* _HOW TO COMPLETE THIS TASK_: Print back each record unchanged, without pictures.

Records from a data collection:
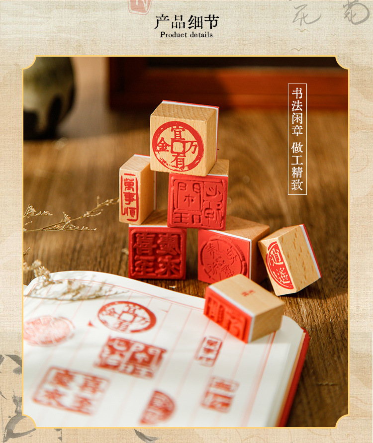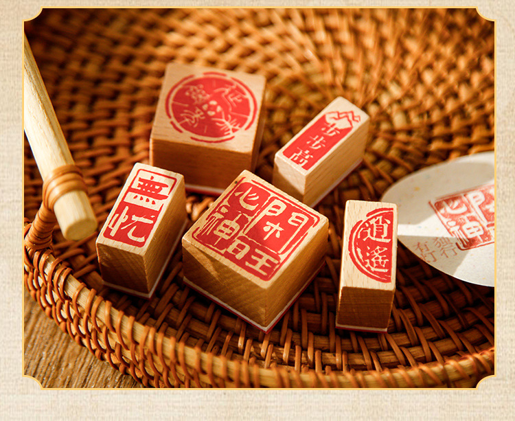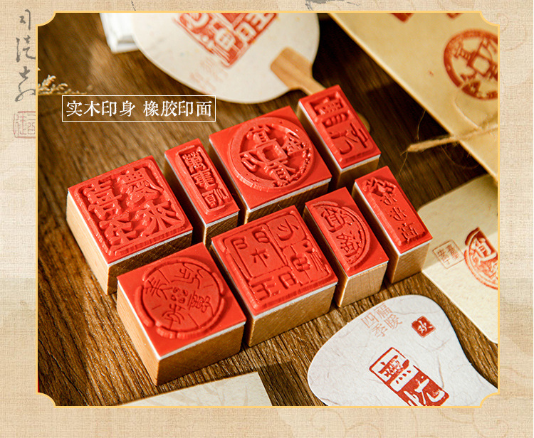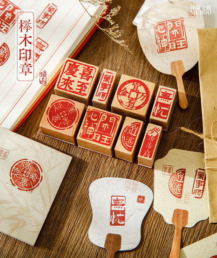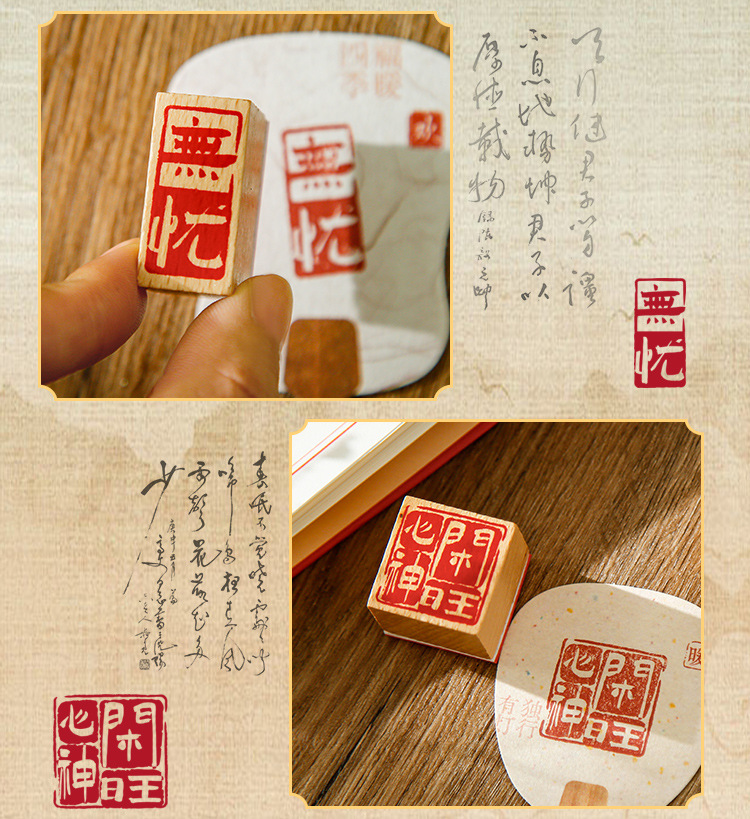 沐染古風手帳印鑑木質復古風景書画篆刻章腰章趣章国画創意小印鑑
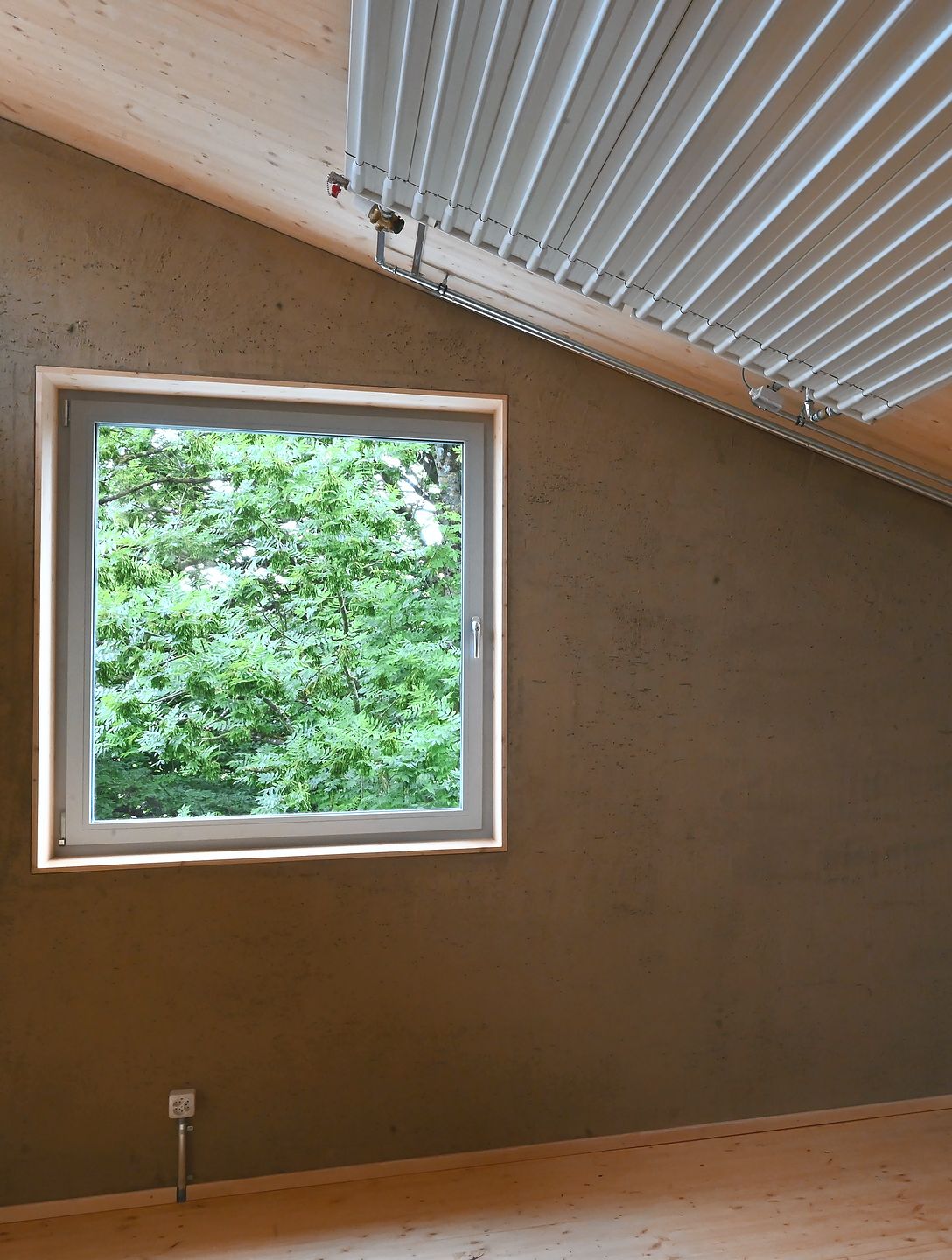 Wer von der Uetlibergstrasse in die Grubenstrasse einbiegt, die bis zum westlichen Rand der alten Lehmgrube führt, sieht deshalb nicht nur Neubauten, sondern auch ältere, windschiefe Schuppen und kleinmassstäbliche Fabrikgebäude. Das Gebäude mit der Nummer 29 ist gut 90-jährig. Über der bewitterten Fassade erhebt sich eine neue Aufstockung, die mit himmelblauem Stahlblech verkleidet ist. Dahinter verbirgt sich eine raffinierte, zweigeschossige Holzständerkonstruktion. Diese wurde mit Strohballen gedämmt und mit Lehm verputzt. Für diese Materialisierung gebe es zwei gute Gründe, sagt This Alder, zuständiger Architekt beim «baubüro in situ»: «Stroh und Lehm bringen mehr Speichermasse. Im Sommer hilft dies gegen die Erwärmung. Zudem sind natürliche Baumaterialien wie Holz, Lehm und Stroh beim Rückbau problemlos. Sie können entweder umweltverträglich entsorgt oder nochmals verwendet werden.»
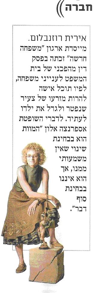 פסק הדין המאפשר לאישה רווקה להרות מזרע של חיל שנפטר, הפך לשיחת היום בעולם החברתי. פעילותה של עו"ד אירית רוזנבלום מי שמנהיגה את הרעיון קרוב לעשור, מעמידה אותה כגורם חברתי משפיע בפיתחו של העשור השני במילניום השלישי. לדברי רוזנבלום, מדובר בפריצת דרך עולמית ושינוי שישפיע עלינו מהלך השנים הקרובות.
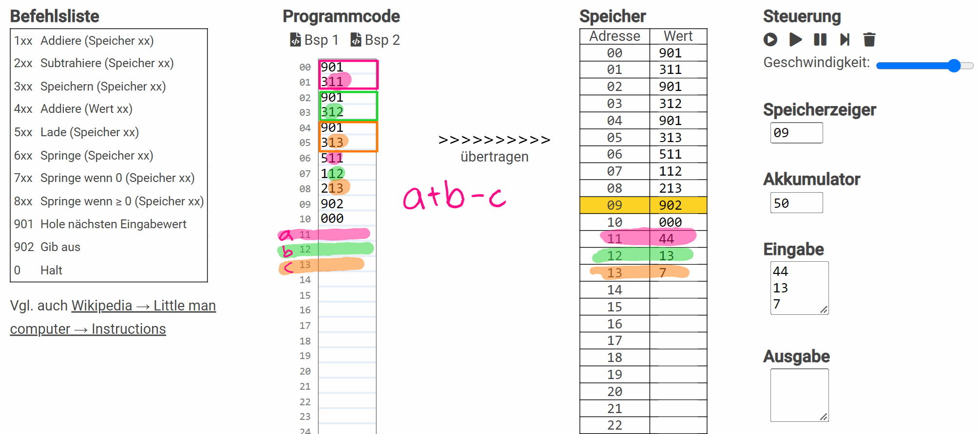 - Laden und Ausführen des Beispiels: Auf Bsp 1 klicken; mit «übertragen» in den Speicher laden; in «Eingabe» zwei Werte untereinander schreiben; mit Play starten.)
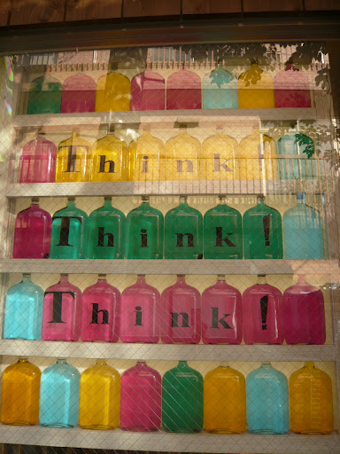 Bottles saying “Think!” (instead of “Drink!”?) at a shoe shop by the same name (Think!).

* _OUTPUT FOR THIS EXERCISE_:
 沐染古風手帳印鑑木質復古風景書画篆刻章腰章趣章国画創意小印鑑
 Wer von der Uetlibergstrasse in die Grubenstrasse einbiegt, die bis zum westlichen Rand der alten Lehmgrube führt, sieht deshalb nicht nur Neubauten, sondern auch ältere, windschiefe Schuppen und kleinmassstäbliche Fabrikgebäude. Das Gebäude mit der Nummer 29 ist gut 90-jährig. Über der bewitterten Fassade erhebt sich eine neue Aufstockung, die mit himmelblauem Stahlblech verkleidet ist. Dahinter verbirgt sich eine raffinierte, zweigeschossige Holzständerkonstruktion. Diese wurde mit Strohballen gedämmt und mit Lehm verputzt. Für diese Materialisierung gebe es zwei gute Gründe, sagt This Alder, zuständiger Architekt beim «baubüro in situ»: «Stroh und Lehm bringen mehr Speichermasse. Im Sommer hilft dies gegen die Erwärmung. Zudem sind natürliche Baumaterialien wie Holz, Lehm und Stroh beim Rückbau problemlos. Sie können entweder umweltverträglich entsorgt oder nochmals verwendet werden.»
 פסק הדין המאפשר לאישה רווקה להרות מזרע של חיל שנפטר, הפך לשיחת היום בעולם החברתי. פעילותה של עו"ד אירית רוזנבלום מי שמנהיגה את הרעיון קרוב לעשור, מעמידה אותה כגורם חברתי משפיע בפיתחו של העשור השני במילניום השלישי. לדברי רוזנבלום, מדובר בפריצת דרך עולמית ושינוי שישפיע עלינו מהלך השנים הקרובות.
 - Laden und Ausführen des Beispiels: Auf Bsp 1 klicken; mit «übertragen» in den Speicher laden; in «Eingabe» zwei Werte untereinander schreiben; mit Play starten.)
 Bottles saying “Think!” (instead of “Drink!”?) at a shoe shop by the same name (Think!).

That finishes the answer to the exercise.